Is there funding available to assist with the asset purchase?

 

Is prepacking legal?

Yes.  It is a legal process that ultimately saves jobs, and assists the UK economy. There are regulations and legislation that must be complied with, and you must employ a licensed insolvency practitioner to carry out the formal insolvency.

How much does a prepack cost?

Use our liquidation fee calculator to get an estimate of the fees (our fees for prepack are the same as our fees for liquidation). If your assets are worth materially more than the fees, then you will only need to pay for the assets of the business, and our fees will be drawn from this.

It may be possible to make part of the payment spread over a period of time.

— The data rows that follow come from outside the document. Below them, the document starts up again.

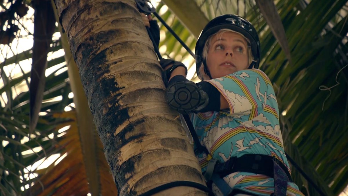In Cuba, Sara struggles up a coconut tree in an attempt to gather coconuts for a traditional Cuban sweet.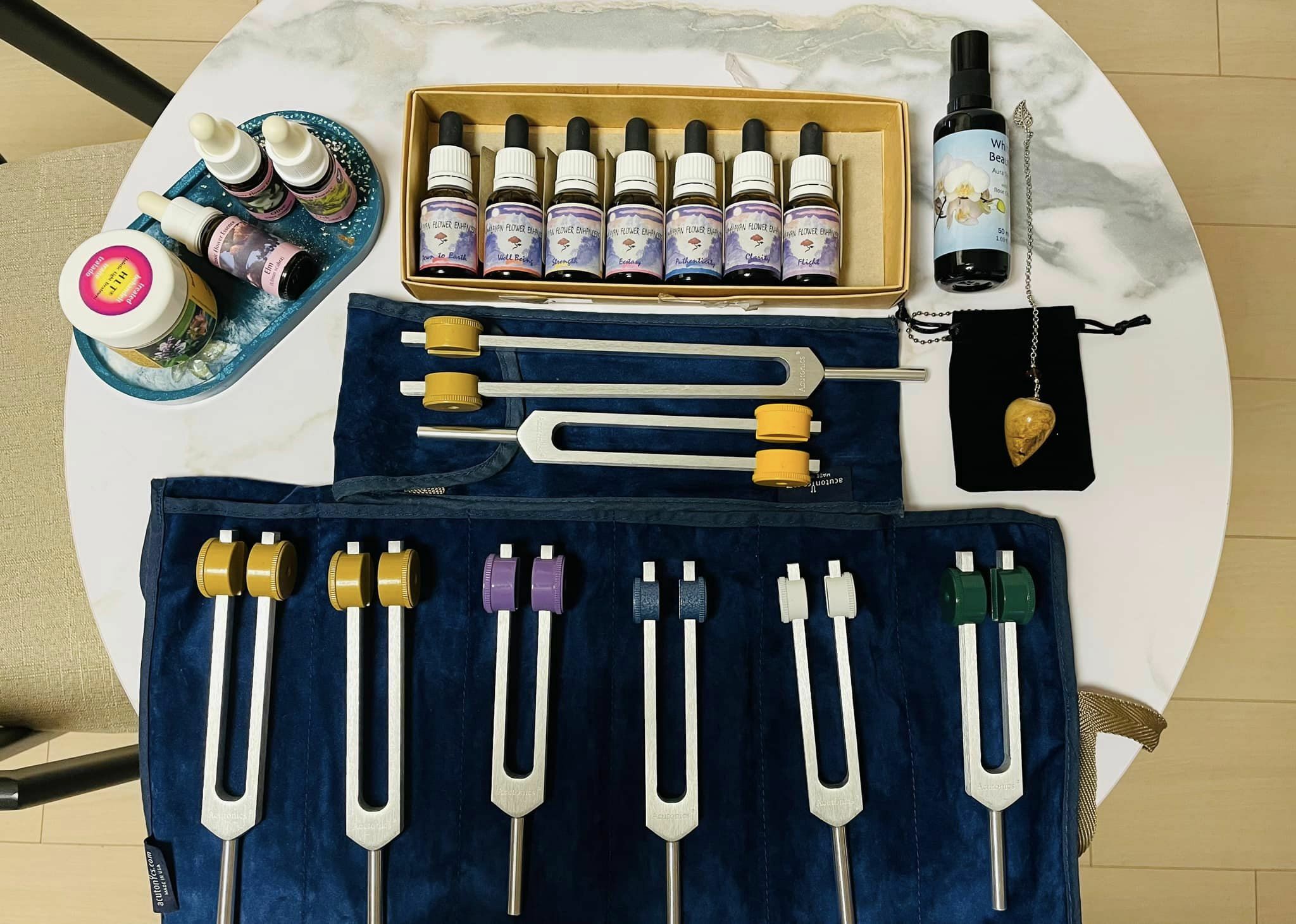 在療程開始之前搭配花精先調整好脈輪通暢度,讓之後的音叉療法身體液能與體腔共鳴更容易一起振動,音叉聲音穿透全身,鬆開許多工作中累積的壓力,雖然在開啟、清理跟補氣的幾個點感覺到為通,但兩三次音叉振動後就解除了。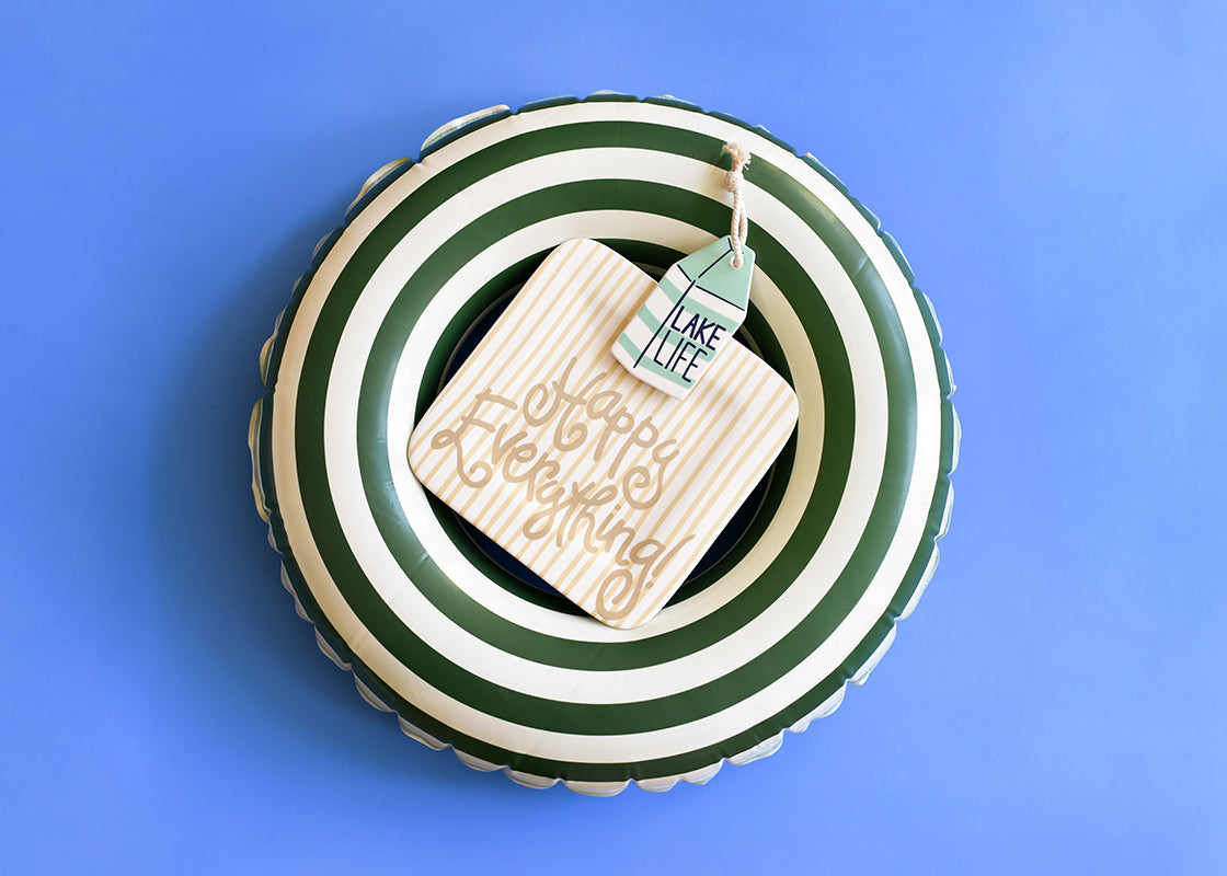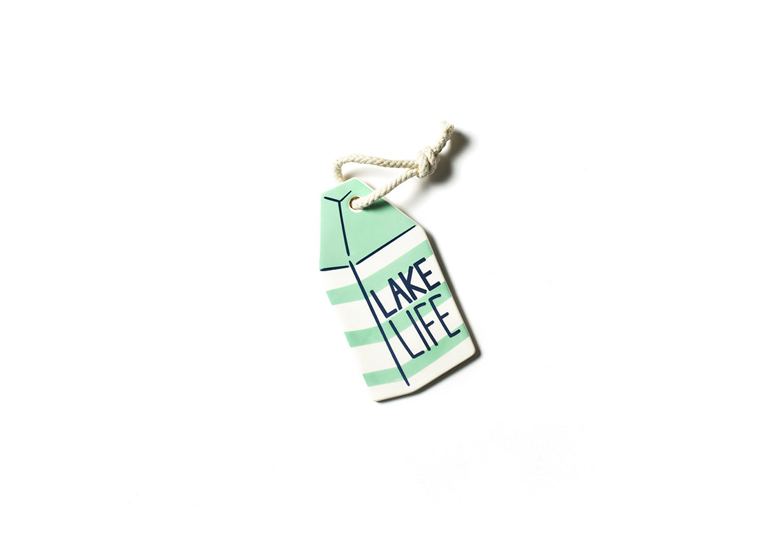 Our shaped Lakelife Mini Attachment features the iconic image of a buoy with mint green and white stripes and fun real rope detail. Refresh your summer style with a spring design that complements any home décor, making a gift for a friend who finds their happy at the lake.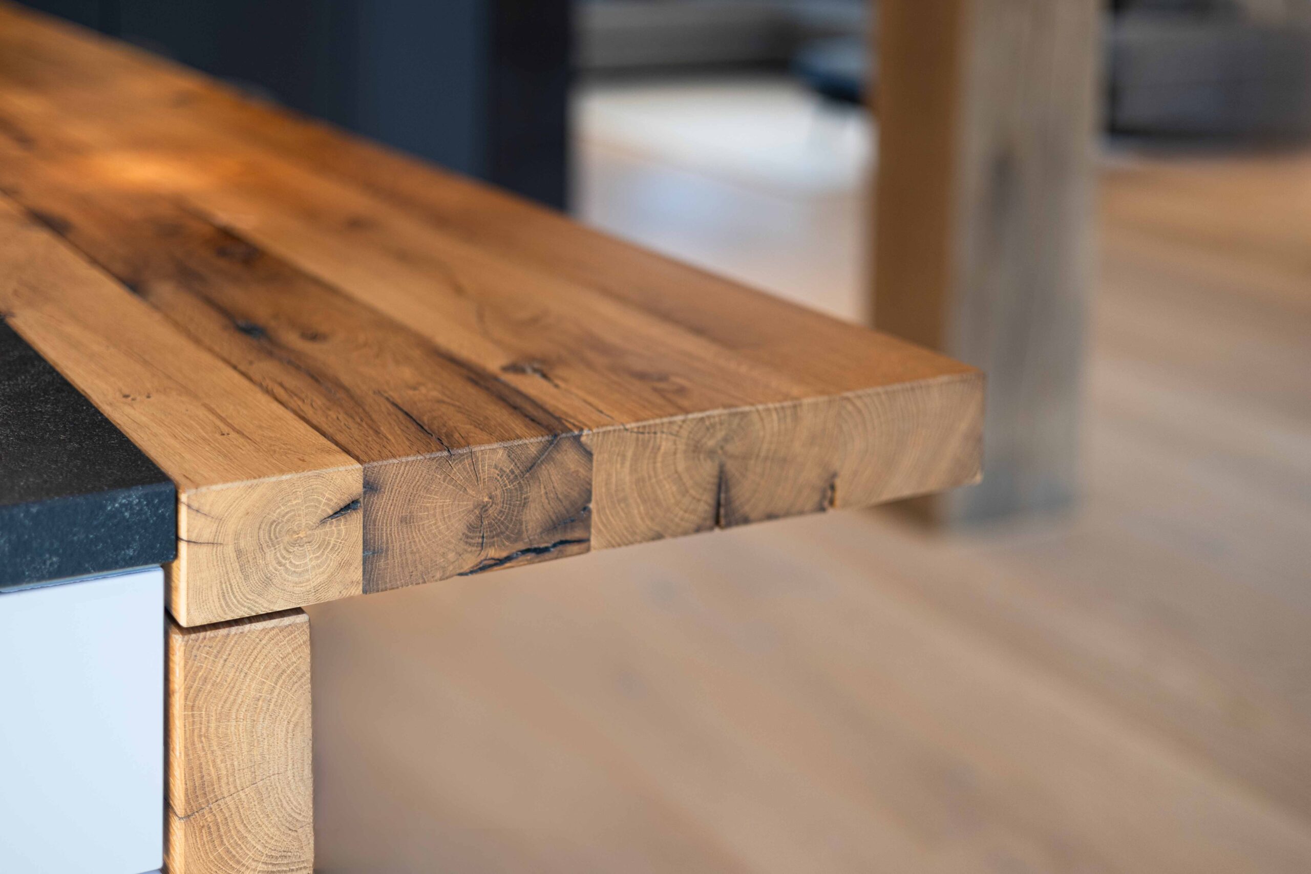 Das Herzstück des Hauses ist die Küche. Die markante Theke besteht aus historischen Eichenfachwerkbalken, die im Zuge der Bauernhaus-Sanierung geborgen und sorgfältig aufgearbeitet wurden. Ihr lebendiger Charakter bildet einen spannenden Kontrast zur glatten, dunklen Granit-Arbeitsplatte und den klar gestalteten Fronten.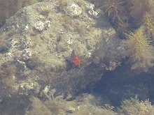 中居湾をのぞいたら、小さな魚がたくさん群れで泳いでいるのが見え、思わずカシャリ。ヒトデも見つけたのでカシャリ。まるで日向ぼっこをしているようです。それにしても、本当にきれいでおだやかな海ですね。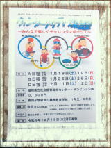 昨日も書きましたが、本当に朝夕がめっきり寒くなりましたね。冬と言えば当センターのイベントと言えば、「ささぐり土曜塾」と「ミニ門松づくり」がありますが、年明けから「ウィンターアクティブ楽習塾」が開催されます。今年は2020年に行われる東京オリンピック・パラリンピックを感じてもらうため、パラリンピック種目を是非体験してもらおうと思っています。詳しい内容はこれから話を詰めていくので、楽しみにしていて下さい。もうすぐ皆様の元へチラシを公開します。今回はその一部をお見せします。(統輝パパ)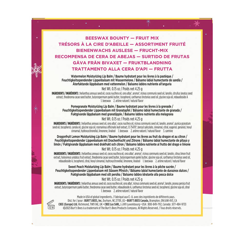 Give your loved ones the gift of lips that feel soft and taste great with this Burt's Bees Beeswax Bounty Lip Balm Gift Set. Formulated with beeswax and vitamin E, this natural lip balm richly moisturizes and softens dry lips. This lip balm comes in 4 beloved flavors, including Sweet Peach, Watermelon, Pomegranate and Dragonfruit Lemon. It glides on smoothly, leaving behind a tint-free, matte finish and smooth, supple lips. One Burt’s Bees Beeswax Bounty Lip Balm Gift Set featuring a fruity mix of moisturizing lip balm for men and women in festive holiday packaging. Nourishing vitamin E and beeswax richly moisturize and soften dry lips, making this lip balm set a fantastic holiday gift for skin care and lip care lovers.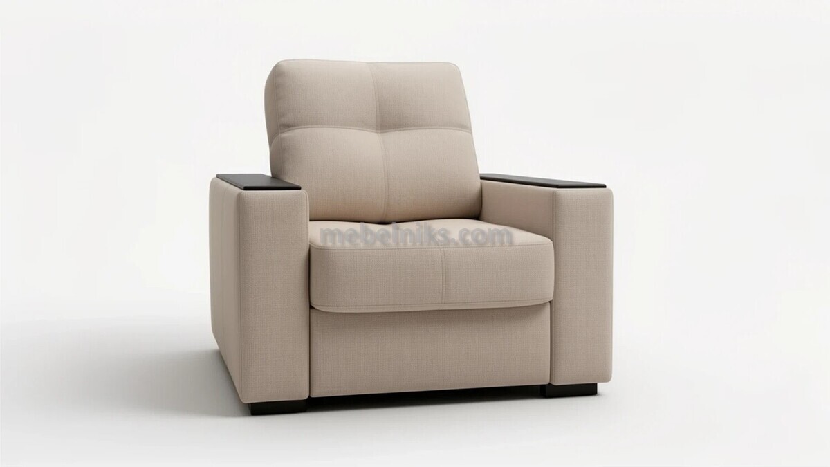 Изысканное кресло с деревянными подлокотниками и регулируемой подушкой для спины, обеспечивающей идеальный уклон. В основе — независимый пружинный блок и высокоэластичный пенополиуретан для максимального удобства. Прочный каркас из натурального дерева, берёзовой фанеры и ЛДСП гарантирует долговечность. Обивка на выбор — от велюра до кожи.

How are the assets valued?

Independent valuation agents that specialise in sales of assets and businesses of insolvent companies will value the assets.

Are the assets marketed for sale?

Only if the type of assets warrants it.  For small value asset sales, it is not usually cost effective, nor prudent to place the assets to the open market, as long as a fair value offer has been received in advance.

Can I re-use the company name?

Yes, but you must purchase the company’s ‘goodwill’ in order to do.  The new business will also be required to comply with obligations to provide notice to creditors of the transfer. There is more information on the process here.

Can my offer to buy the assets be rejected?

The independent agents will only reject your offer if they believe more could be achieved on the open market. However, they are fair minded and pragmatic.  If you feel that your offer is representative of the true value, you will have an opportunity to explain why and negotiate directly with the agents.

You do not need to proceed with the formal insolvency until you have reached agreement on what happens with the assets.  This way you can avoid any potentially unexpected outcomes.

What happens with the employees in a prepack?

In a prepack, if the sale is agreed pre-formal insolvency, then all employees rights transfer across to the new business.  For employees, this means that their entitlements such as holiday pay and accrued redundancy transfer with them.  For the employer, this is an accrued extra cost that needs to be factored into their financial planning.

However, if the company enters liquidation first and then agrees a sale, it is possible that the staff are not automatically transferred, and may be able to claim from the national insurance fund. This is a a complicated issue, and expert advice should be sought as part of the planning process.

Can I stay in the company’s existing premises?

This will depend on the type of lease the company operates, and any negotiation with the landlord.

Is there funding available to assist with the asset purchase?

Yes.  We are happy to point you in the direction of funders who can advise.